What to work on —
Write out, word for word, every line in the data below from the one containing "Toppi sopii hyvin" to the one containing "Une invitation moderne, élégante", both of them included.

==== Given records ====

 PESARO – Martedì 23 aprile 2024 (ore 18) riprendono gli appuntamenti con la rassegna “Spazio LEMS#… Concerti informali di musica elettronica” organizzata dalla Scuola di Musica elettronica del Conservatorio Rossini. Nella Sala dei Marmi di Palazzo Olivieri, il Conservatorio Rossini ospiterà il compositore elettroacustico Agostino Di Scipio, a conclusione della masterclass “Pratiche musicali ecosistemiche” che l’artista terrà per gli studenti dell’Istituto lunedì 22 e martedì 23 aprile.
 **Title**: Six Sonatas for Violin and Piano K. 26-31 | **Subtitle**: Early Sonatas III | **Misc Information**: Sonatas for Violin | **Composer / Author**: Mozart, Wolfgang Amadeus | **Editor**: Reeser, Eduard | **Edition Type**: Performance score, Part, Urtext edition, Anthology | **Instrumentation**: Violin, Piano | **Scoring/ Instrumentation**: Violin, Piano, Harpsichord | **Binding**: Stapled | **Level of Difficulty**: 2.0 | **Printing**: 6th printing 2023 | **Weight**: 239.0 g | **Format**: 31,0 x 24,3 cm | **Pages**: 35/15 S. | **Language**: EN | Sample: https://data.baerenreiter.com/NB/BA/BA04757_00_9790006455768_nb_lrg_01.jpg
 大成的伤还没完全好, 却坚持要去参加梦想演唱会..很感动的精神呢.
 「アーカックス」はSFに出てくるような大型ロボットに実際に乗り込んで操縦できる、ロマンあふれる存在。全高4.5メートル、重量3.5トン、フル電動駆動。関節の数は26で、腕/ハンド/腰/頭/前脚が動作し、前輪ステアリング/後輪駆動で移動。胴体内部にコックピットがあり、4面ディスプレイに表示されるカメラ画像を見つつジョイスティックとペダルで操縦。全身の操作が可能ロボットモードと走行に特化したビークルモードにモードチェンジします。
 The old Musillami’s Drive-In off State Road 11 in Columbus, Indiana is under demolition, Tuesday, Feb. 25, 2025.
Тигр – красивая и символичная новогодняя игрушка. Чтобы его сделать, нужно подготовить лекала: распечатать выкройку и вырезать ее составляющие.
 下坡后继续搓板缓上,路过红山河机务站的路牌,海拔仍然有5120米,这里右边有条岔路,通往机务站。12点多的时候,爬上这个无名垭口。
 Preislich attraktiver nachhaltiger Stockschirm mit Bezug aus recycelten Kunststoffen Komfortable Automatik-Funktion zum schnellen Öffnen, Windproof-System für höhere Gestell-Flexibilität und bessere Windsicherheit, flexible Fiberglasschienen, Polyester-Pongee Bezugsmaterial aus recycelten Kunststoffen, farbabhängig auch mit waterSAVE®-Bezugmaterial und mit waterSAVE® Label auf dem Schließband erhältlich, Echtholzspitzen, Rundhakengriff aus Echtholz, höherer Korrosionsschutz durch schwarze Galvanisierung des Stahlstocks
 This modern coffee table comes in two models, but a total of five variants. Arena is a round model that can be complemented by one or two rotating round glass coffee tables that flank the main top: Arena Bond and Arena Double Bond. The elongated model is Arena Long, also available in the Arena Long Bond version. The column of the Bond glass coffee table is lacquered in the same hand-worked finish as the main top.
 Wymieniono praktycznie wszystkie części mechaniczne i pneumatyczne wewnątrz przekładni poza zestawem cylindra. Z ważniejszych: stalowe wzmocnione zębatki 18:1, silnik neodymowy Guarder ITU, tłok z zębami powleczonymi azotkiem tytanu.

====
==== Given records ====

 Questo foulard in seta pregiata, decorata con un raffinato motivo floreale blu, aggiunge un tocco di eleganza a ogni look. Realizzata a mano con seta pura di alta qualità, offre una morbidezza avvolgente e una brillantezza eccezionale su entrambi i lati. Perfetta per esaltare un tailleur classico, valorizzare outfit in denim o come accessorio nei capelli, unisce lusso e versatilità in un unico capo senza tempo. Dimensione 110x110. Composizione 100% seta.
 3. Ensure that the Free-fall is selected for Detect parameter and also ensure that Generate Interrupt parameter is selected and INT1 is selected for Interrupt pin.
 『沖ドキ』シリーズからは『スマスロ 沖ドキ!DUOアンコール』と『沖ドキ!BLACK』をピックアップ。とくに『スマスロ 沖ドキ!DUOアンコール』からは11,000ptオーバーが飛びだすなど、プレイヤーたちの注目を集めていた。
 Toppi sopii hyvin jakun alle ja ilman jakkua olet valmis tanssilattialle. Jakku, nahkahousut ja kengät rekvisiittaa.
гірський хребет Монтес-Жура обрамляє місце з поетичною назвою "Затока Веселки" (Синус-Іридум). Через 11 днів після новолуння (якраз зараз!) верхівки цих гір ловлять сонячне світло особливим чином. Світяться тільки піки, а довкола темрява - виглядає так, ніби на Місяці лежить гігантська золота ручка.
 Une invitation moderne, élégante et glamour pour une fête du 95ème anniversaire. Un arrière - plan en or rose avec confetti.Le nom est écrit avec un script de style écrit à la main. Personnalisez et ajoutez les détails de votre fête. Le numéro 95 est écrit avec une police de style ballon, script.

====
==== Given records ====

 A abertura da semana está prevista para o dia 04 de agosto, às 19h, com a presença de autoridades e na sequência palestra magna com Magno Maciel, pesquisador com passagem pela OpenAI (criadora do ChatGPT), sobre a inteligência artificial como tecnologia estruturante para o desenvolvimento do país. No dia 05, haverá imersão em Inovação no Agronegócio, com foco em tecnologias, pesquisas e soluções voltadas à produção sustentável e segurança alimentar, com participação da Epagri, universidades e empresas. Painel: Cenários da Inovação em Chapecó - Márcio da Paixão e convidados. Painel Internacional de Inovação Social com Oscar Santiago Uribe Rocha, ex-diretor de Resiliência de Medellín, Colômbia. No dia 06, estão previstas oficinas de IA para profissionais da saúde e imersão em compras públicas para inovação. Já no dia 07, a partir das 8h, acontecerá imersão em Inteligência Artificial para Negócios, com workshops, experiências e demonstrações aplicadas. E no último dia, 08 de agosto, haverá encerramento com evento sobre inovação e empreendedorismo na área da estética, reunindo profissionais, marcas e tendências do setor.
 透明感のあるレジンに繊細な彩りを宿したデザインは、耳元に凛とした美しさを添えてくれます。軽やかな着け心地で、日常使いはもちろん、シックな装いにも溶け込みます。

====

Output for this task —
 Toppi sopii hyvin jakun alle ja ilman jakkua olet valmis tanssilattialle. Jakku, nahkahousut ja kengät rekvisiittaa.
гірський хребет Монтес-Жура обрамляє місце з поетичною назвою "Затока Веселки" (Синус-Іридум). Через 11 днів після новолуння (якраз зараз!) верхівки цих гір ловлять сонячне світло особливим чином. Світяться тільки піки, а довкола темрява - виглядає так, ніби на Місяці лежить гігантська золота ручка.
 Une invitation moderne, élégante et glamour pour une fête du 95ème anniversaire. Un arrière - plan en or rose avec confetti.Le nom est écrit avec un script de style écrit à la main. Personnalisez et ajoutez les détails de votre fête. Le numéro 95 est écrit avec une police de style ballon, script.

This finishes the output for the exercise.